Amerika shutdown ini terjadi akibat tidak diperolehnya kesepakatan anggaran operasional negara untuk setahun ke depan. Dilansir Reuters, Sabtu (20/1), pemerintah gagal mendapatkan 60 suara dari para senator untuk menunda penutupan layanan pemerintah hingga 16 Februari. Senator dari Partai Republik sudah mengumpulkan 51 suara, namun gagal melobi senator Partai Demokrat untuk mencapai 60 suara.
"Waktu Obama itu 14 hari (shutdown), indeks kita naik 4,7%. Jadi historically, kalau cuma 1 sampai 2 minggu saya percaya tidak ada dampaknya," ungkap Tito di Gedung iNews, Jakarta, Senin (22/1).
Meski demikian, Tito menyebutkan, hal ini sedikit banyak akan berdampak pada pergerakan rupiah terhadap dolar AS yang diprediksi menguat.
"Dampaknya di rupiah menguat. Kalau rupiah menguat, saham mahalan dikit," ungkapnya.
Pemerintah Amerika Serikat (AS) resmi menerapkan 'Government Shutdown' pada Sabtu (20/1) waktu setempat, setelah Senat AS gagal mencapai kesepakatan terkait dana operasional pemerintah. Hal ini menyebabkan beberapa sektor terhenti, kecuali sektor pelayanan yang bersifat vital.
Direktur Utama Bursa Efek Indonesia (BEI) Tito Sulistio mengatakan, Amerika Shutdown tidak akan berdampak pada pasar saham Indonesia. Menurut Tito, hal tersebut bukan pertama kali terjadi. Sebelumnya pada 2013, Amerika juga mengalami fase serupa. Tito menuturkan, saat itu indeks atau bursa saham justru menguat.
“Shutdown” AS Berpotensi Mengatrol Bunga Utang RI | PT Rifan Financindo Berjangka
Kementerian Keuangan mencatat jumlah outstanding utang pemerintah hingga akhir Desember 2017 mencapai 3.938,7 triliun rupiah atau sekitar 29,2 persen terhadap PDB.
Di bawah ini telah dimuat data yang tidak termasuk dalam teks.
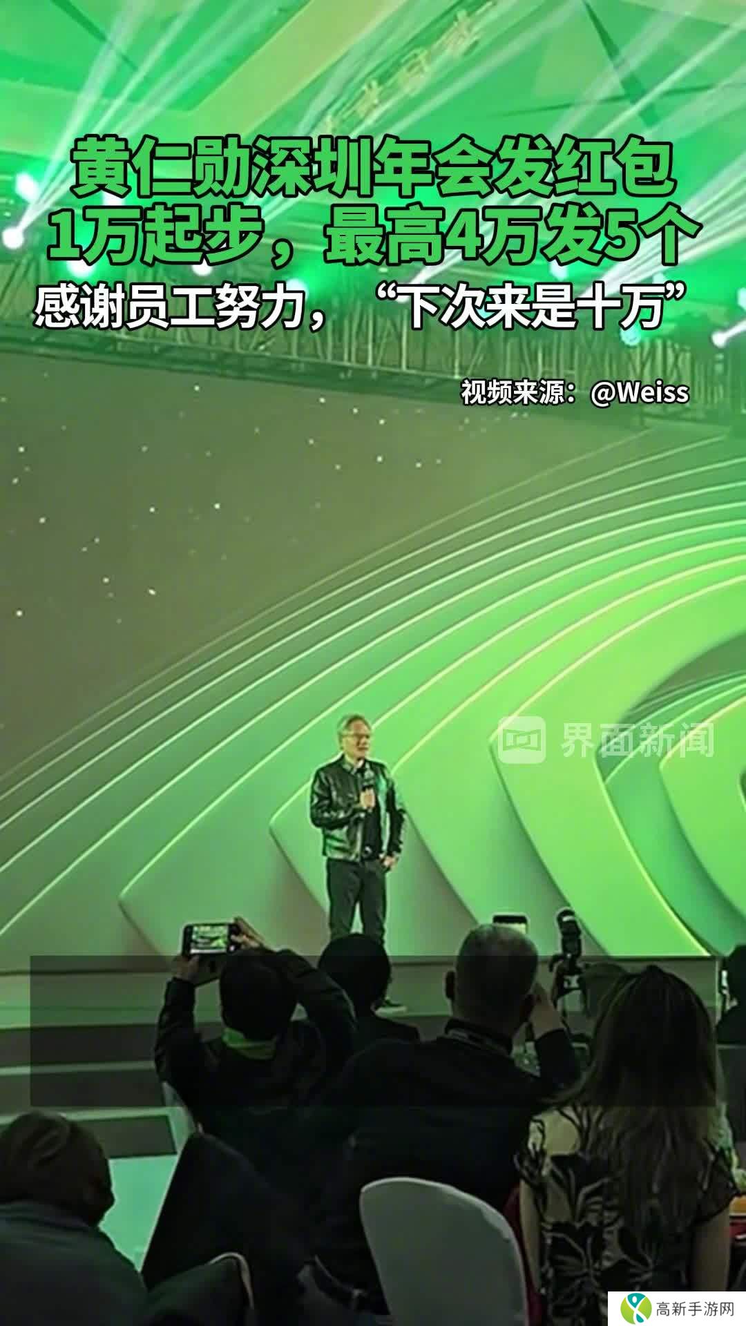 本站 1 月 16 日消息,据界面新闻报道,英伟达 CEO 黄仁勋昨晚出席了在深圳公司的年会,并对员工的努力工作致谢,发放了数额 1 万元、2 5 万元的红包各十余个,还发放了 5 个 4 万元的红包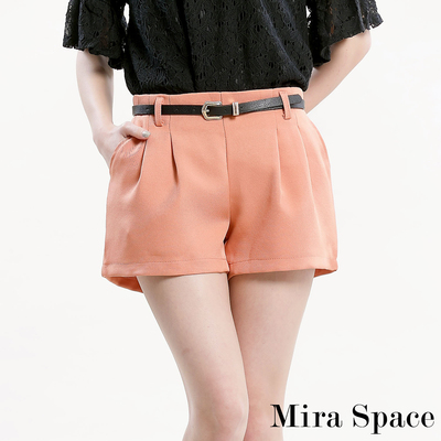 短褲 立體顯瘦打折西裝短褲(附皮帶)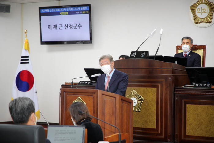 이재근 군수는 “코로나19 장기화 여파로 민생경제와 중·소상공인의 어려움이 가중되고 있다. 우리 군은 위기를 기회로 만들기 위해 산청형 재난지원금과 소상공인 희망회복자금 등을 신속히 지급해 경제회복과 생활안정에 기여했다”며 “또 우리 군이 다시 한번 도약하는 성장동력이 될 2023엑스포 개최를 확정지었다”고 설명했다.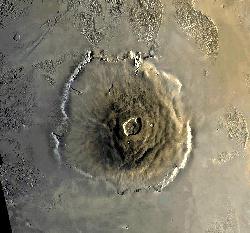 | Marsa virsma. Attēla apakšdaļā redzams Marinera kanjons, pa kreisi – lielie nodzisušie vulkāni. NASA/JPL attēls. 17 kb | Milzīgais Marsa kalns – Olimps. NASA/JPL attēls. 46 kb |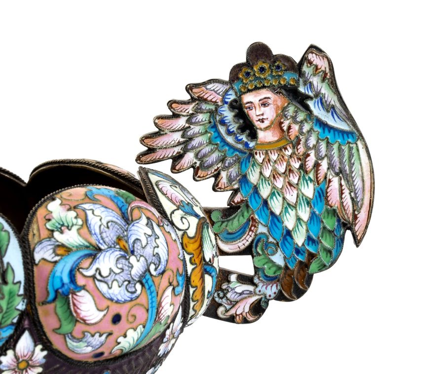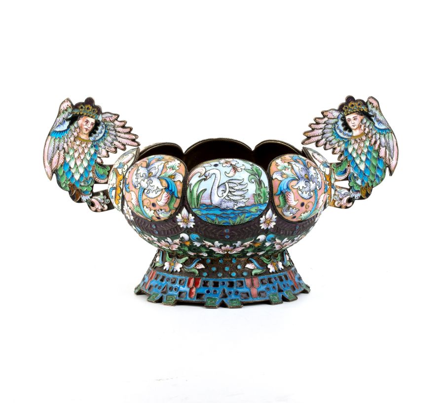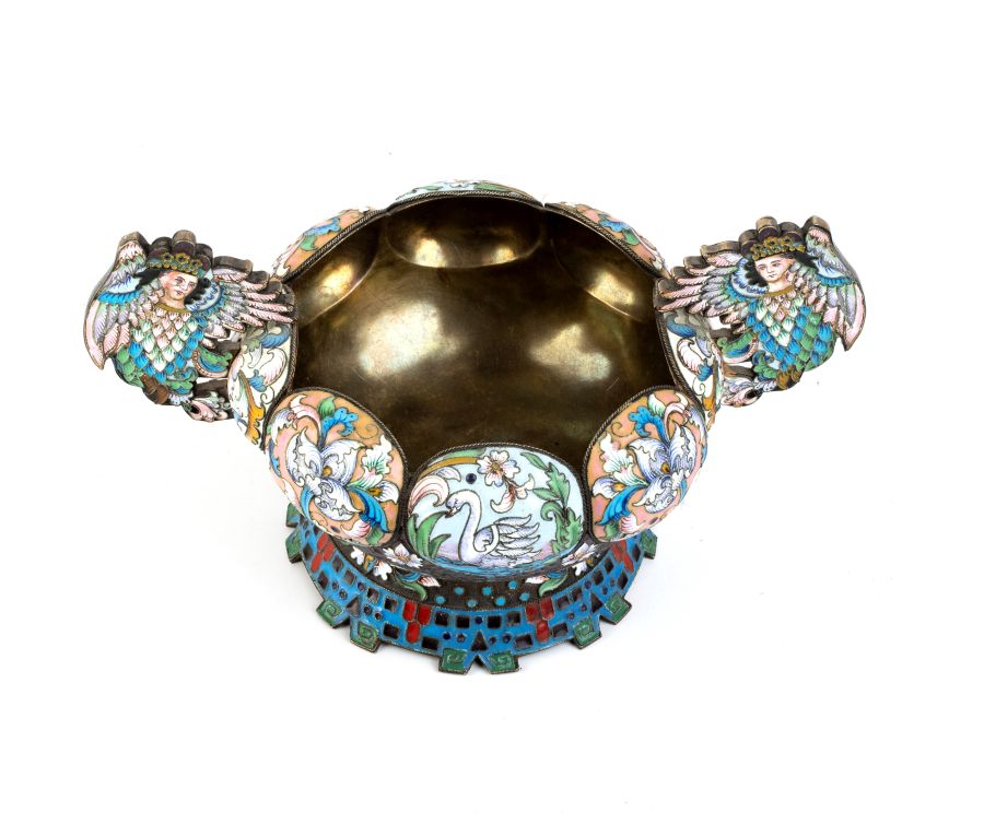 Ciotola russa a due manici in argento dorato e smalti Cloisonné XX secolo

Sementara itu, pengamat ekonomi dari Universitas Airlangga Surabaya, Ardianto, mengatakan andai prospek ekonomi Indonesia bagus, produktivitas meningkat maka kenaikan utang luar negeri bisa diimbangi oleh kenaikan pendapatan, sedangkan biaya utang relatif tetap.
Sebaliknya, kalau perekonomian memburuk akan menyulitkan keuangan negara yang terus tergerus untuk membayar utang.
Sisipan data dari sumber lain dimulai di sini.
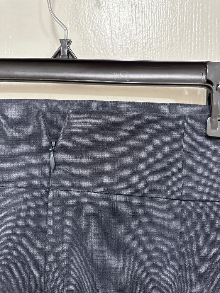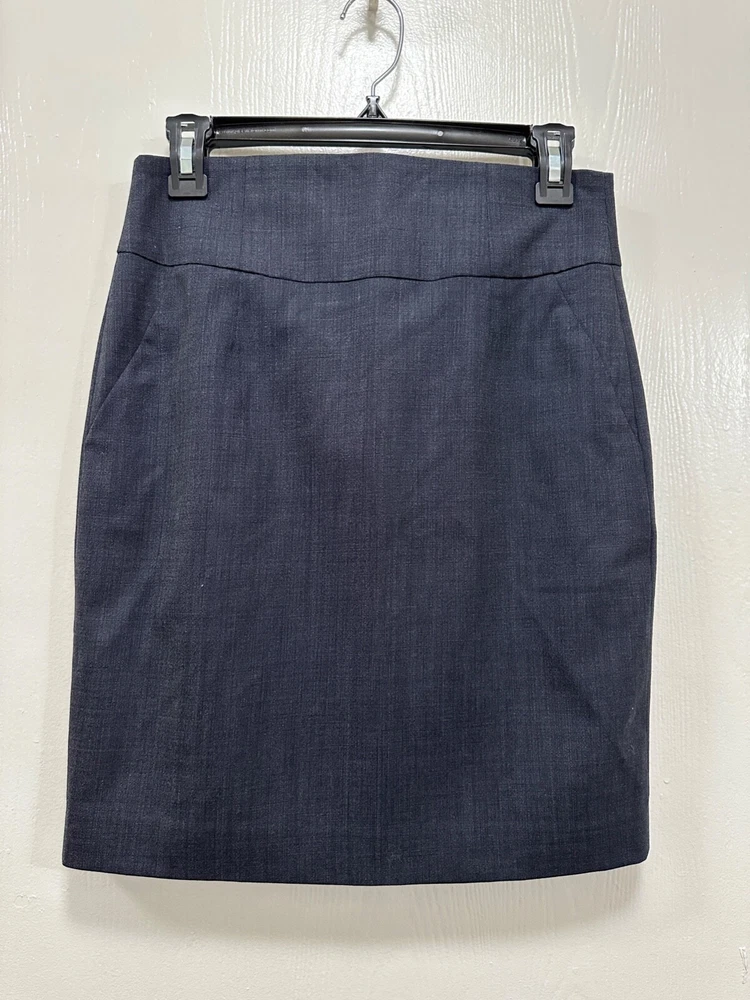 This Banana Republic skirt is perfect for any occasion. It features a solid gray color and is made from a blend of spandex and wool, providing a comfortable and stretchy fit for petite women (size 0P). The skirt is knee-length and has a straight and pencil style, with a zipper for added accent. The skirt is perfect for any casual or formal event, and its stretchy material ensures a comfortable and flattering fit. Its brand, Banana Republic, is known for its high-quality and stylish clothing, making this skirt a great addition to any wardrobe.
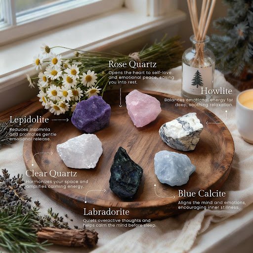 A sleep-focused crystal gift box is ideal for anyone dealing with racing thoughts, restlessness, or an overstimulating daily routine. These sets often include soothing stones in soft tones and work beautifully as part of a bedside ritual.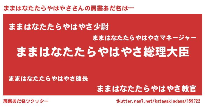 | 女子向けラノベタイトル風あだ名 | 『ままはなたたらやはやさの雑貨屋さん』 |
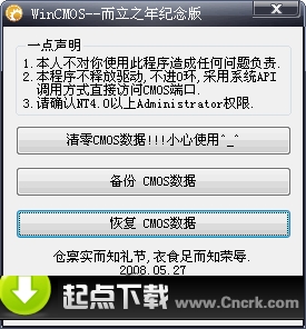 WinCMOS無驅(qū)動版 簡體中文綠色免費版 windows下清除備份恢復(fù)CMOS數(shù)據(jù)的一個小工具,不釋放驅(qū)動,不創(chuàng)建進(jìn)程,不進(jìn)0環(huán),不使用中斷門,純粹系統(tǒng)API調(diào)用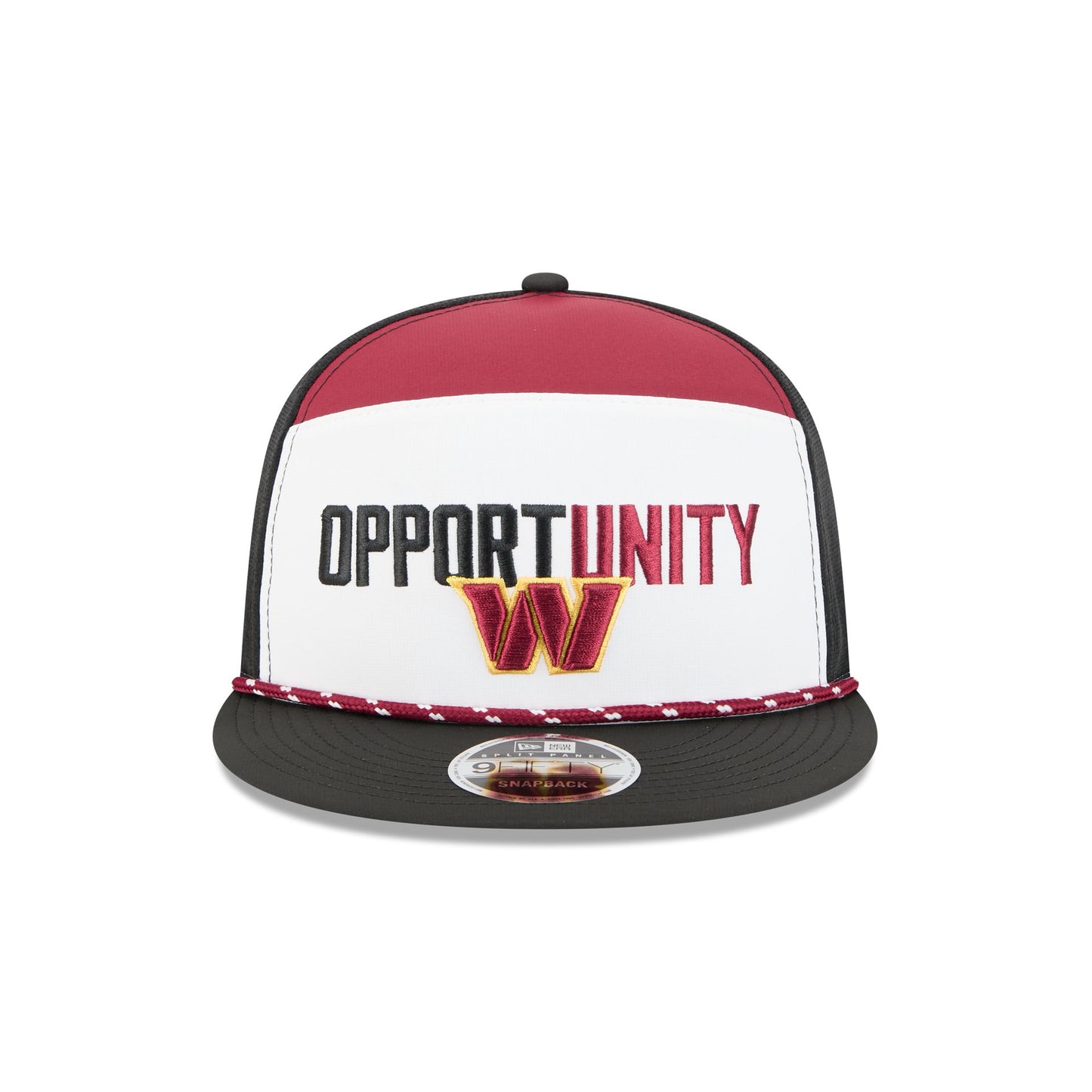 The Washington Commanders 2025 Inspire Change Split Panel 9FIFTY Snapback features an embroidered Commanders logo and matching "Opportunity" wordmark at the front panels with an NFL Inspire Change patch at the right-wear side. Additional details include a rope at the visor and an adjustable snapback closure at the rear. The cap has a split crown construction.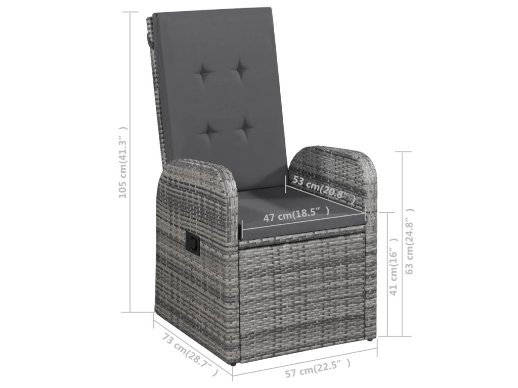 Jídelní stůl je zhotovený z masivního akáciového dřeva s olejovaným povrchem, takže je stabilní, odolný a nenáročný na údržbu. Jídelní židle mají rám z práškově lakované oceli, opletený PE ratanem, který výborně vzdoruje klimatickým vlivům. Dlouho vám proto vydrží a snadno je očistíte. Opěradlo lze sklopit zatažením za tlačítko na boku. Židle mají lehkou konstrukci, není tedy problém je přesunout, kam potřebujete. Navíc jsou opatřené mimořádně pohodlnými, hustě polstrovanými poduškami pro maximální komfort. Jejich polyesterové potahy nevyžadují téměř žádnou údržbu a dají se stáhnout a oprat.

“Jadi, kita perlu fokus meningkatkan pendapatan nasional, dengan memanfaatkan utang untuk kegiatan produktif sehingga mampu membayar kembali utang tersebut,” ujar dia.
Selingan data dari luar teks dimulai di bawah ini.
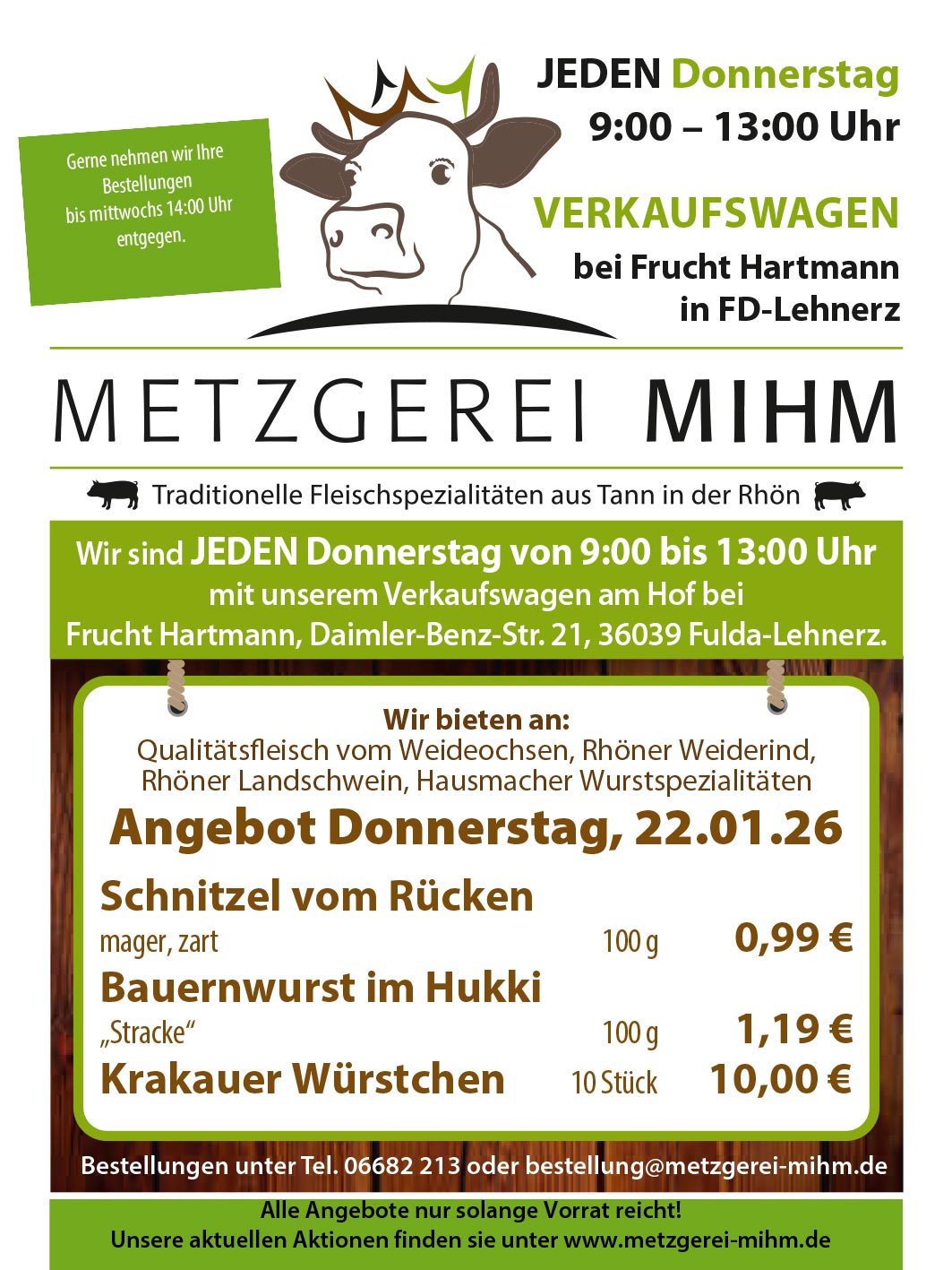 Jeden Donnerstag von 9 Uhr bis 13 Uhr fahren wir mit ausgewählten Spezialitäten in unserem Verkaufswagen auf den Hof von Frucht Hartmann in Fulda. Kommen Sie vorbei und lassen Sie sich nicht die leckeren Angebote entgehen!

Bhima khawatir, utang justru hanya untuk membayar kegiatan rutin, termasuk gaji pegawai. Artinya, utang yang terus bertambah ini akan membahayakan Indonesia pada tahun-tahun mendatang.
Apalagi, utang Indonesia terhadap asing sudah melebihi 40 persen. Kalau ada tekanan global, asing bisa menjual utang Indonesia sehingga akan mengganggu stabilitas keuangan dalam negeri.
Menurut dia, Indonesia semestinya belajar kepada negara-negara yang sudah pernah terjebak dalam utang, di antaranya, Argentina, Chili, dan Venezuela. Bahkan, di Sri Lanka lebih dari 90 persen APBN habis hanya untuk membayar utang, sehingga berujung pada krisis di negara tersebut.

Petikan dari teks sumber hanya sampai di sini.